= Beginning of Section =

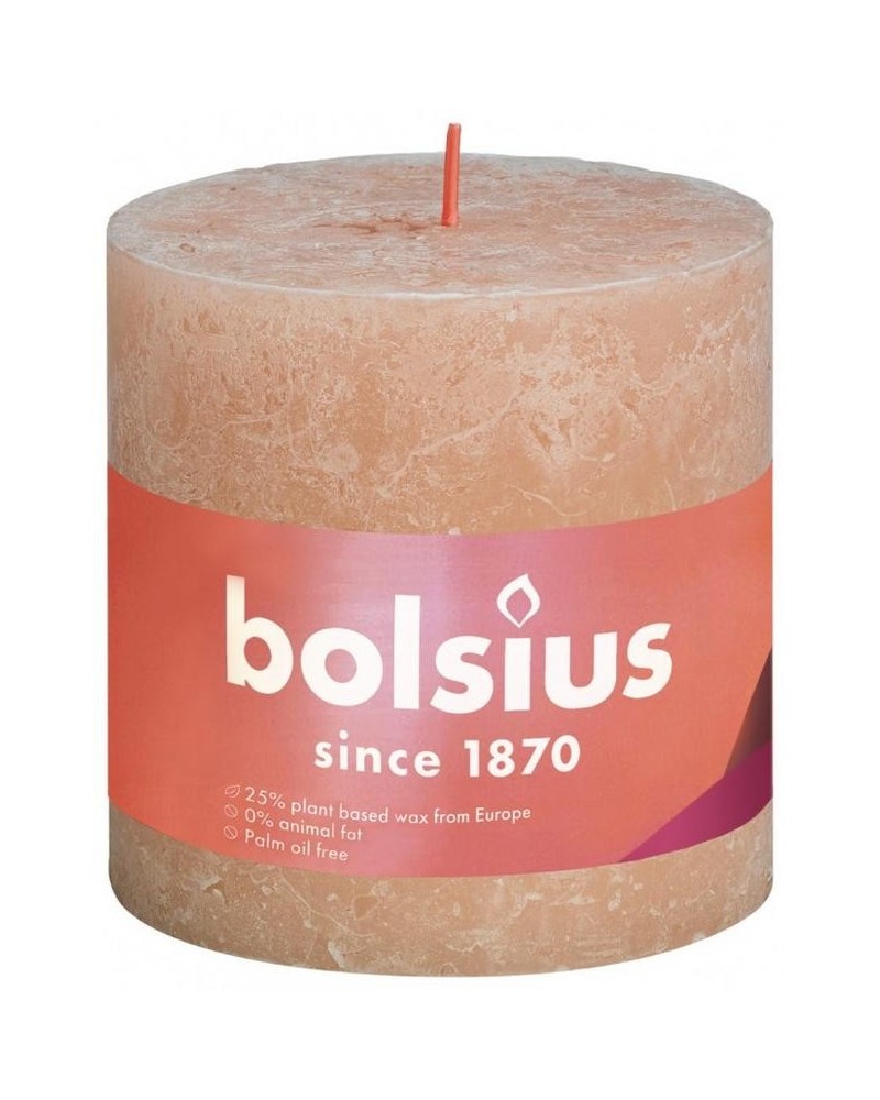 De Bolsius extra dikke stompkaars in de lichtroze kleur Misty Pink is 10cm hoog en brandt wel 62 uur.
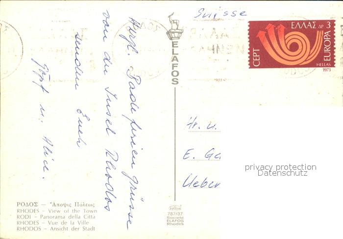 old postcard Rhodos Rhodes aegaeis Hafen postalisch gelaufen Erhaltung siehe scans [AndreD76]
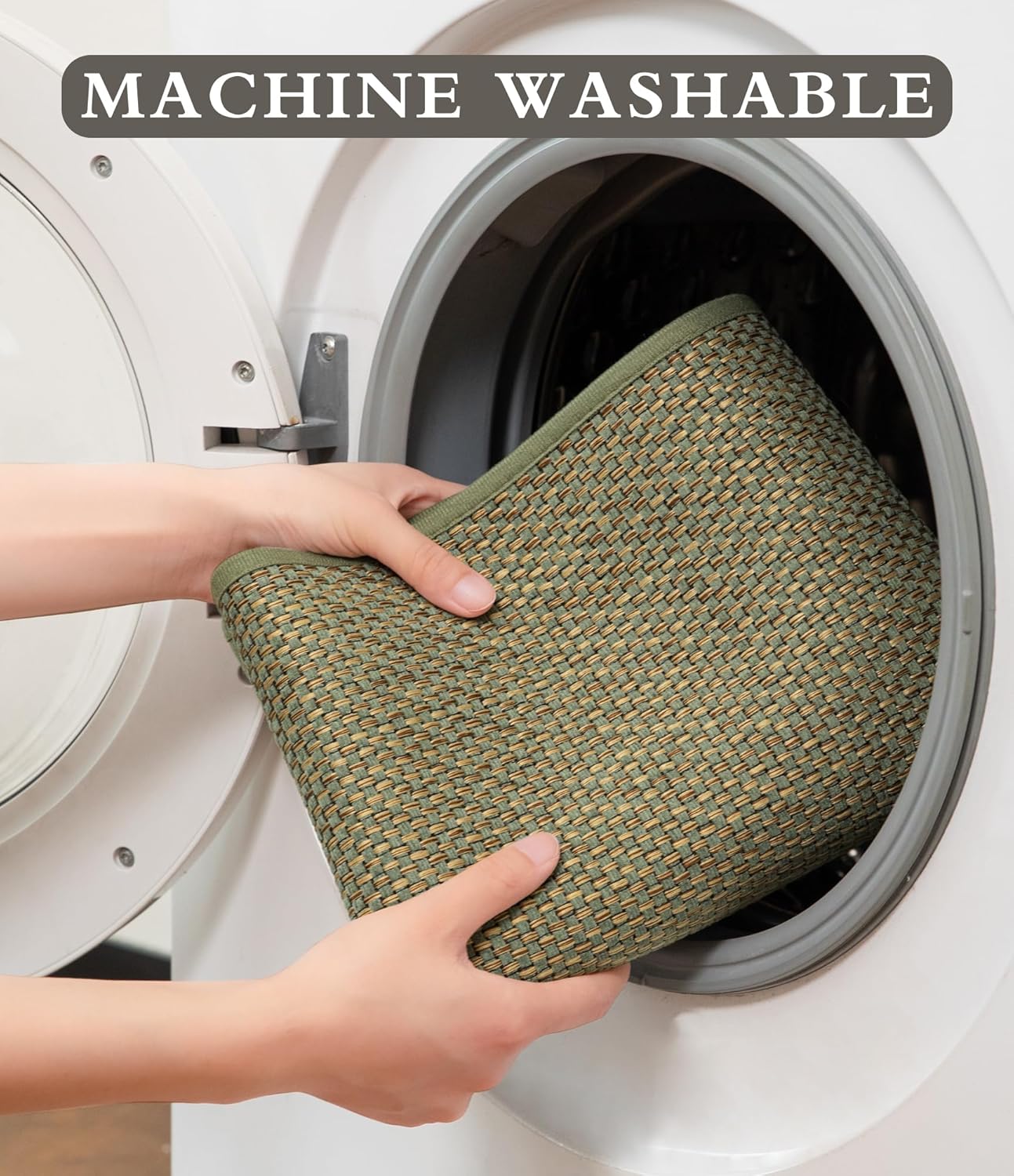 • Upgraded Easy jute Desgin: This bath mat is power-loomed with upgraded yarns-Integrating decoration and durability. The heavier and thicker threads are applied to make sure the pattern will be more durable and compact.

= End of Section =

▶ Task description
The lines wanted are those from the start of the material above through the line with "old postcard Rhodos", both included; print them exactly and skip any picture.

▶ Solution to this problem
 De Bolsius extra dikke stompkaars in de lichtroze kleur Misty Pink is 10cm hoog en brandt wel 62 uur.
 old postcard Rhodos Rhodes aegaeis Hafen postalisch gelaufen Erhaltung siehe scans [AndreD76]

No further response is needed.